Read more about Portia’s response to the prince of Morocco.
The scene between the Gobbos is typical of Shakespeare, who frequently employs servants and members of the working class to provide slapstick interludes in both his comedies and tragedies. The Merchant of Venice does not derive all of its comic moments from the malapropisms and double entendres of this odd father-son pair, but the humor here is more crass and vulgar—so simple that it is hard to overlook and mistake. Seen in this light, we forgive things that might otherwise seem cruel to us, like Launcelot’s shabby treatment of his blind and doting father. This humor is comedy at its simplest, where laughs are derived not from quick wit but from confusion and foolery.

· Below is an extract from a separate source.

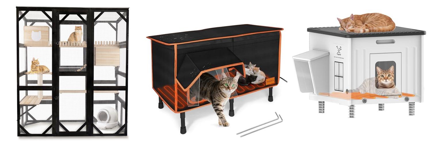 - It’s a heavy-duty cat house made with strong materials that can handle bad weather and bumps.

Although Shylock does not appear in these scenes, our view of him is further shaped by the opinions of those closest to him. Even though his servant and daughter do not like him, their descriptions of him inadvertently make him a more sympathetic figure in our eyes. Launcelot, we learn, is not abandoning his post because Shylock has proved to be a cruel or harsh master, but because he seems to fear contamination from being so close to a Jew. Interestingly, although he calls Shylock a devil, Launcelot points out that his desire to leave is a temptation more devilish still, and says his desire to stay is a product of his conscience, which is generally a guide of what is right. Jessica, too, voices no real complaint about her father, other than the tedium of life with him, but she seems eager to escape her Jewish heritage, which she sees as a stain on her honor. Jessica even brings the morality of her own actions into question when she calls her shame at being Shylock’s daughter a sin, and she feels enormous guilt at her own sentiments. Her desire to convert would undoubtedly have been applauded by Elizabethan audiences, but here it is expressed as a kind of young recklessness that borders on selfishness. The negative impression that Shylock has given us with his first appearance is somewhat counteracted by the words of those closest to him, who feel guilty even as they speak ill of him.